Viajantes do comboio sem rumo
Os acontecimentos sucedem-se em cadeia e num crescendo horripilante. Fazem lembrar um comboio atulhado de gente com outros que se montam à pendura, sem ninguém saber onde vai. A cada dia que passa, há mais gente no comboio que não conhece o destino. Os viajantes do comboio querem-se livrar das peripécias que este ano lhes trouxe, gritando pela janela pedidos de socorro (quem nos acode?), entrando em desatino.
Entre os mortos e feridos das carruagens há outros tantos. Os corpos tensos de almas amarguradas assemelham-se a embalagens de sardinhas enlatadas das mais rascas do mercado. Ninguém as quer ver nem pintadas, nem sentir-lhes o gosto da pobreza e do fracasso. Andam sem rumo dentro das carruagens, na esperança de encontrar um poiso sereno para descansar, sem conhecer a sina que lhes há-de calhar. A crença essa vai-se esgotando mesmo entre os mais esperançados.
Cá fora o mundo não pára e raramente olha o comboio. Os passageiros que fogem das guerras, são vistos como leprosos e há quem acredite que se deve ignora-los ou condena-los à morte.

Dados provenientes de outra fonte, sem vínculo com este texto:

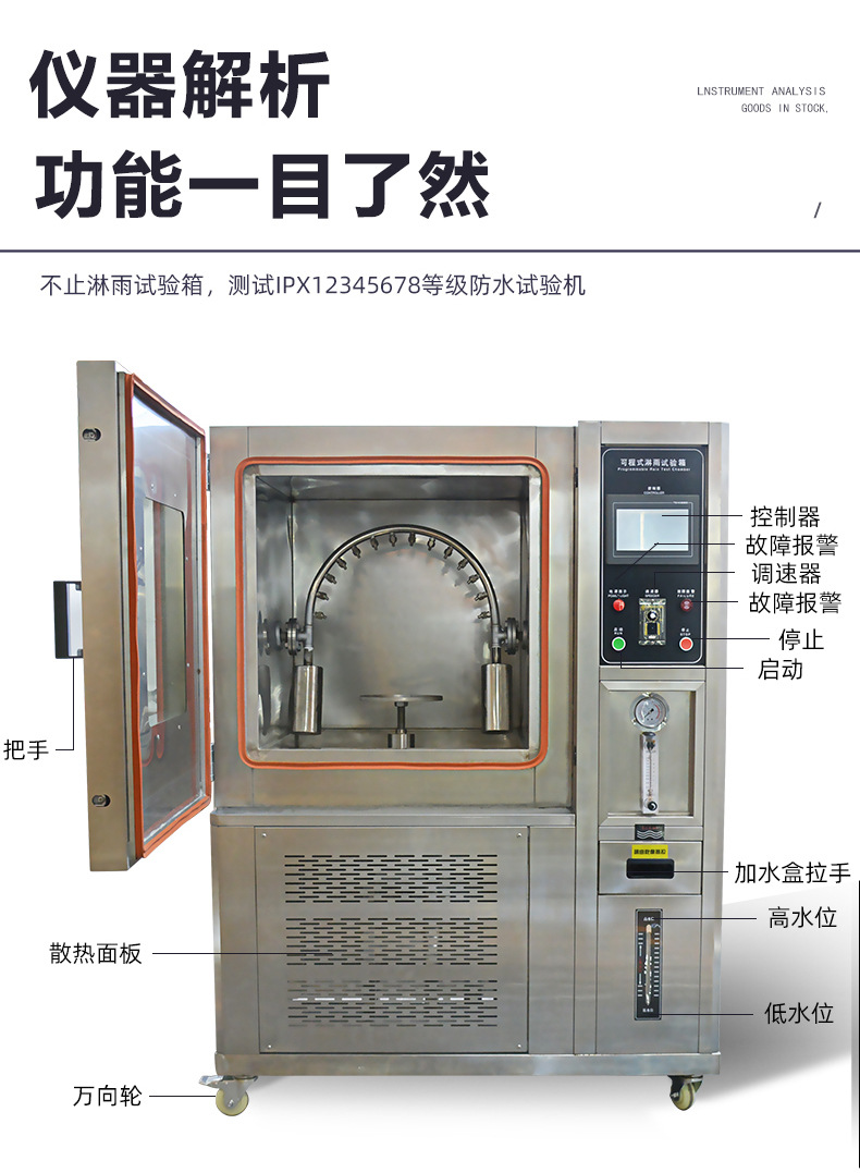 规格 淋雨箱(定制),IPX7浸水试验箱(可定制),IPX34摆管淋雨试验箱,IPX56侧喷淋雨试验箱,IPX8压力浸水箱,IPX9K高压喷水箱
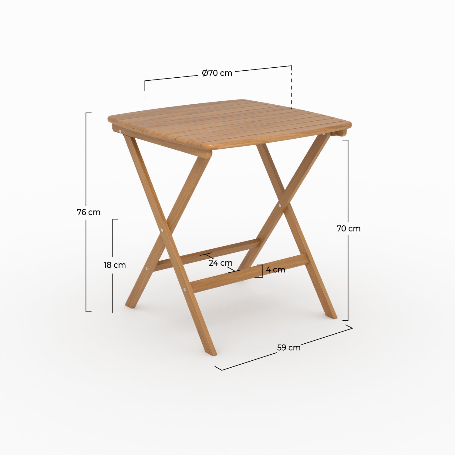 Table de jardin pliante carré en bois d'acacia huilé 2 personnes
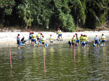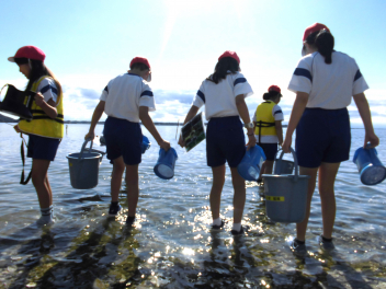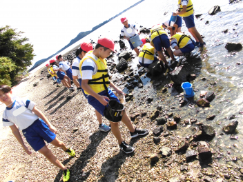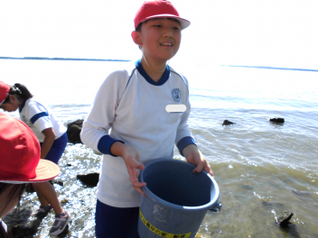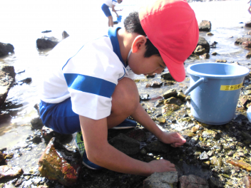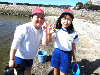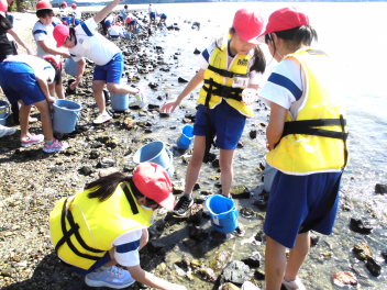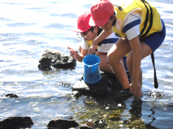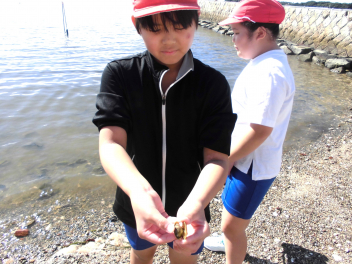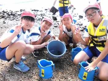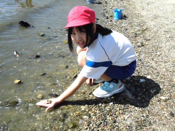 「湖岸観察」では、箱めがねを使いながらヤドカリ・カニ・カイなど水中にいる浜名湖の生き物を捕まえてバケツに入れ、その様子を観察しました。
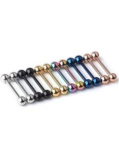 Kiokioa 12pc 14G Mix-color Stainless Steel Straight Barbell Tongue Rings Bars Piercing 5/8" Length
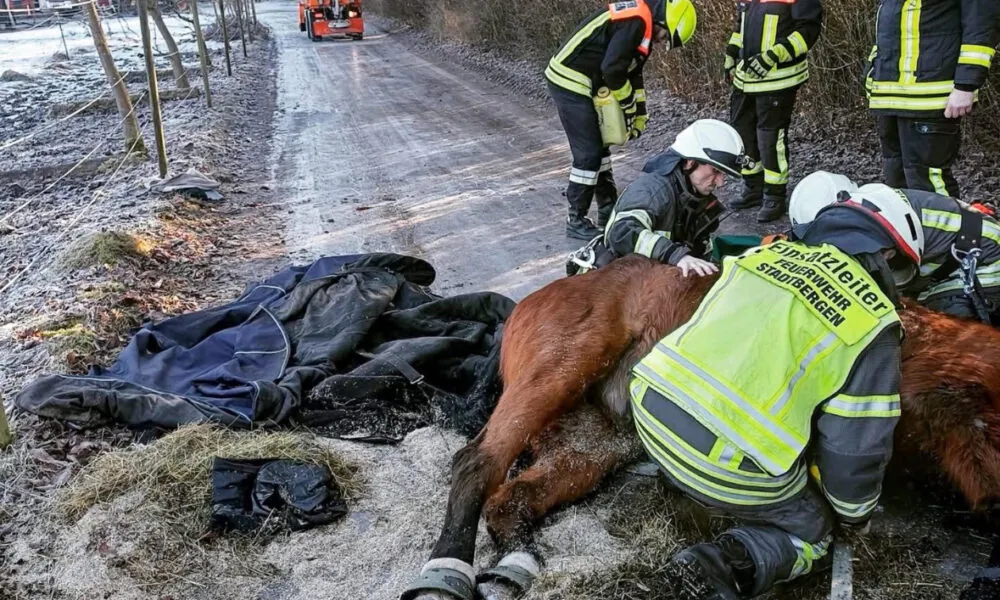 Technischer Hilfeleistungseinsatz: Rettung eines gestürzten Pferdes auf eisglattem Untergrund Zu einem besonderen Hilfeleistungseinsatz wurden mehrere Feuerwehren und unterstützende Stellen alarmiert, nachdem ein Pferd auf einem vereisten...
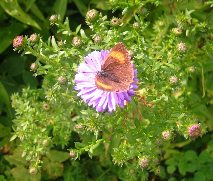 Man likās, ka visi pļavraibeņa izmēra tauriņi jau šīsvasaras gaitas beiguši, bet šodien uz miķelīšu pumpura ieraudzīju tāda izmēra tauriņu. Izmeklējos pa poļu lapu un man liekas, ka tā ir bērzu zefīra, vai nu varbūt ozolu astainīša mātīte. Poļu lapā bērzu zefīrs tā kā spilgtāks, bet oranžais pleķis tomēr pēc formas līdzīgāks kā ozolu astainītim. Ceru, ka par astainīšiem un zefīriem (kur var tāds nosaukums rasties :?: :) ) vēl kaut kas kādam būs ko teikt, ja ne tagad, tad nākamvasar, tad nu atvēru viņiem kopīgu topiku - arī poļu lapā viņi kopā savietoti :) .
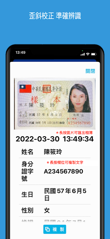 O ID Recognition APP é um programa de ferramenta avançado e prático, especialmente usado para reconhecimento de identidade, e converte carteiras de identidade, cartões de seguro saúde e outras carteiras de identidade em mensagens de texto e imagens para extração e uso.
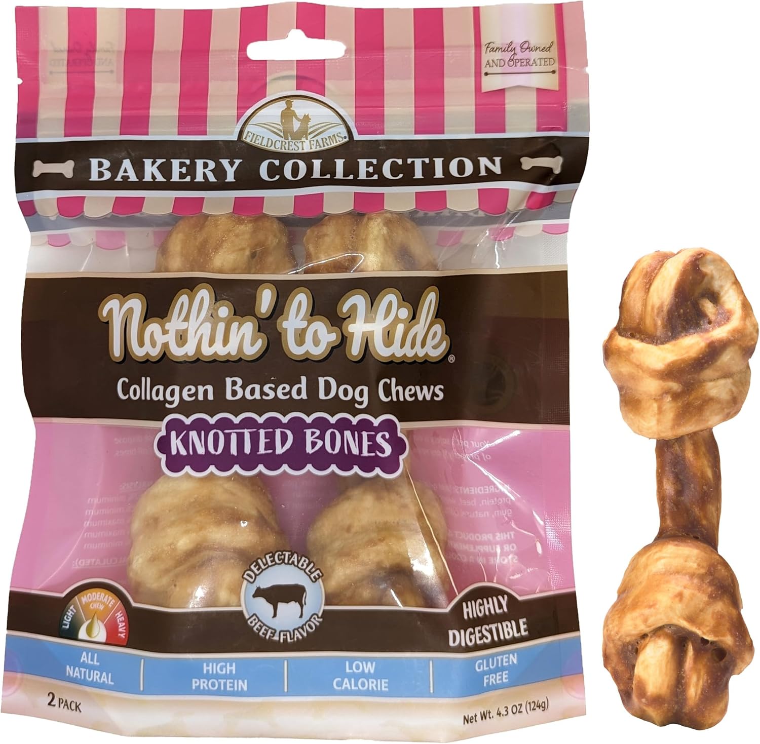 Nothin' to Hide Collagen-Based Dog Chews Small Knotted Bones, Beef Flavor, Easily Digestible, Supports Skin, Coat, Joints & Muscles, for Moderate Chewers Under 15lbs
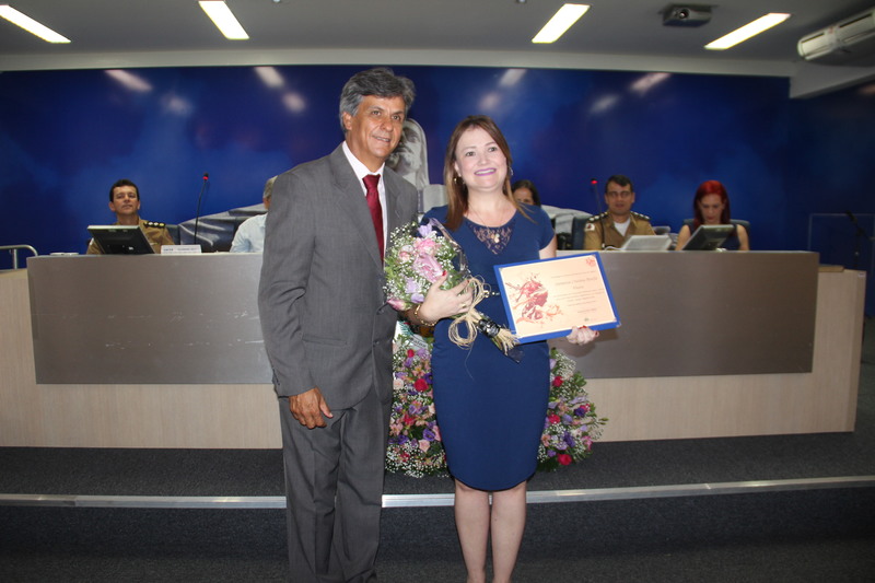 Ver.Joaquim S. Alves homenegeia a Sra Samanta Cristina Bonfá Vieira
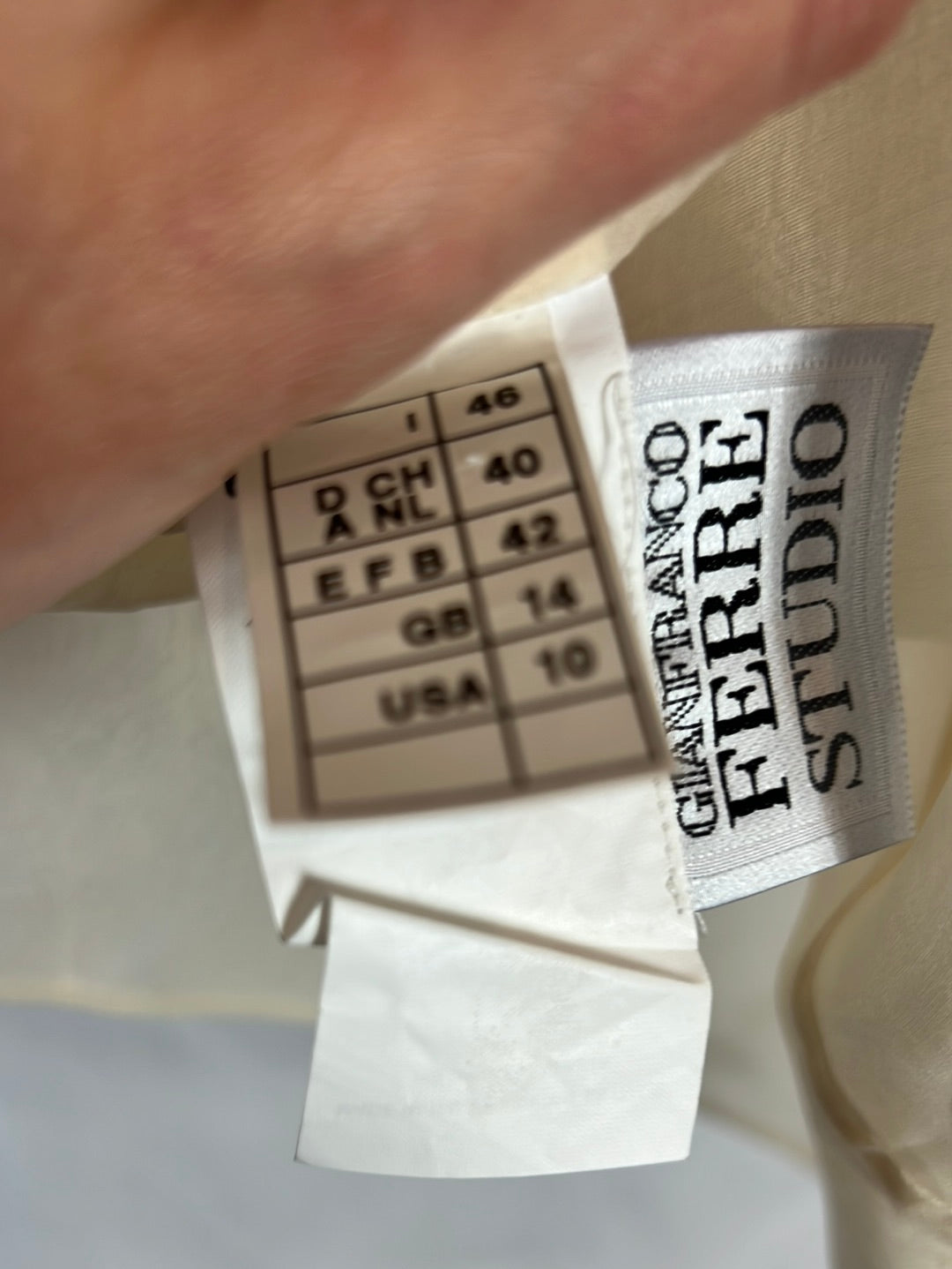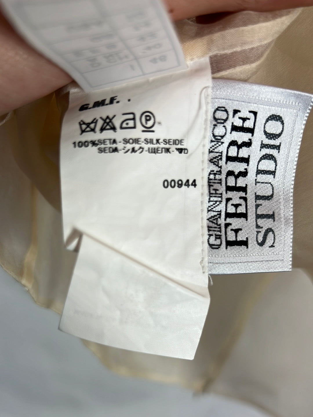 GIANFRANCO FERRÉ. Silk set with sleeve detail. Size 42
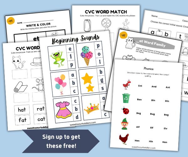 PPS: I have some amazing CVC words activity sheets that you can download, print and start using. Use the sign up box at the end of this post to get access to them!
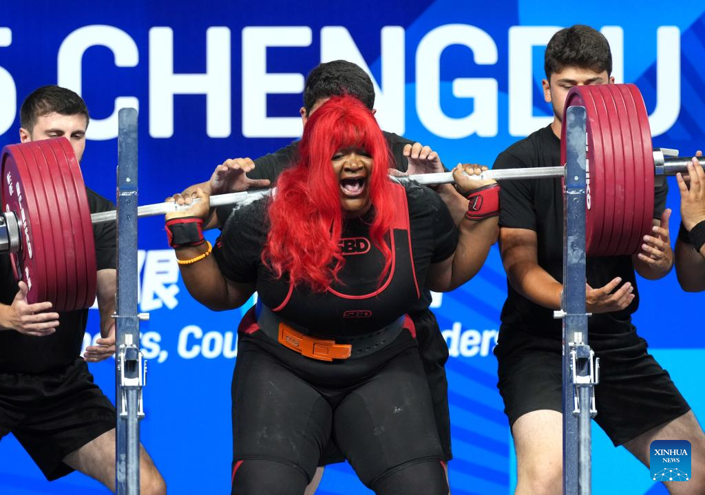 Sonita Kyen Muluh of Belgium competes during the Women's Super Heavyweight Final of Powerlifting event at The World Games 2025 in Chengdu, southwest China's Sichuan Province, Aug. 15, 2025. (Xinhua/Xu Suhui)
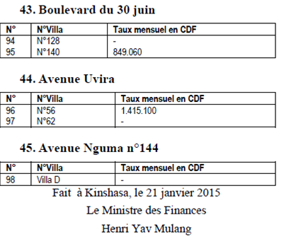 à l’Arrêté interministériel n°CAB/MINATUHITPR/ 0001/2015 et
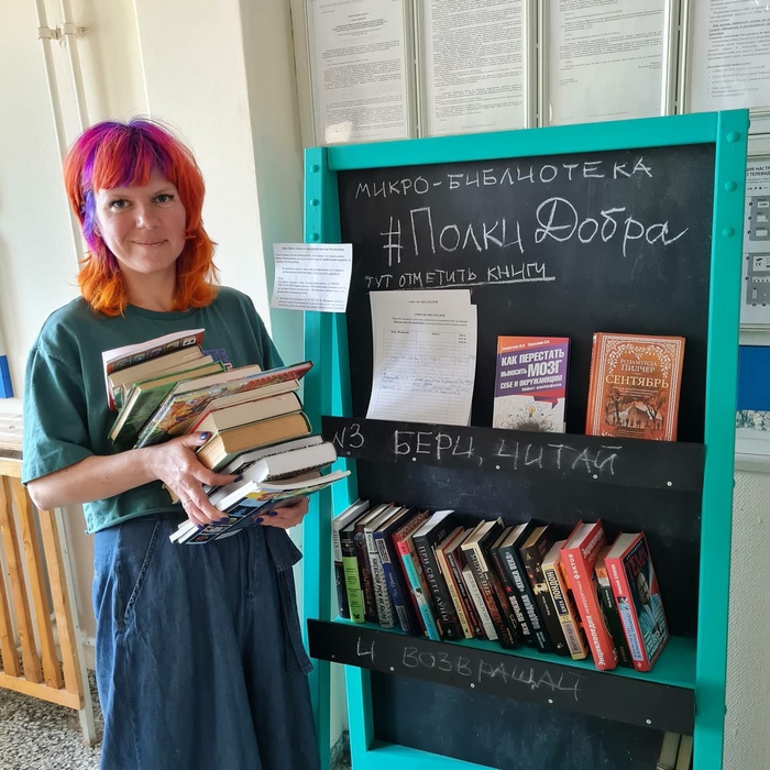 Для сбора книг мы организовываем акции в книжных магазинах. Например, чтобы передать новые книги в ДГБ№1 , там, где лежат дети с онкологией. Мы установили им вот такую Полку Добра и регулярно пополняем ее свежими книгами. На фото Полка из деревни Агалатово, если что. Но в больницу мы поставили похожую - нам туда входа нет, передали через родителей детей.
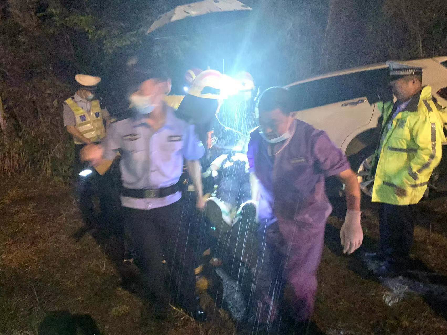 暴雨交加,狂风呼啸。由于雨势太大,警车雨刮器不停地刷着,宝墩派出所值班民辅警的心也被提到了嗓子眼儿,沿路搜寻失事车辆的踪迹。终于在成新蒲快速路一柴火鸡小院路边发现了一辆白色越野车,车头冲入了路边小沟内,经观察,该车车门反锁,车内驾驶员由于未系安全带,头部朝下,头歪斜着被卡在副驾驶脚垫位置;双脚朝上蹬在驾驶室座位上。由于驾驶员头部被卡,怕造成二次伤害,宝墩所民警高远明立即拨打了120、119急救电话,等待专业救援。

Entretanto o homem fala de amor e compreensão. Caga sentenças sobre a paz no mundo e prepara-se para celebrar o Natal sem verdadeiras convicções de coisa alguma. Adquire novas fatiotas para comemorar o ano novo, compra o espumante da praxe, sem grandes intenções de mudar uma vírgula da sua frieza perante os viajantes sem rumo.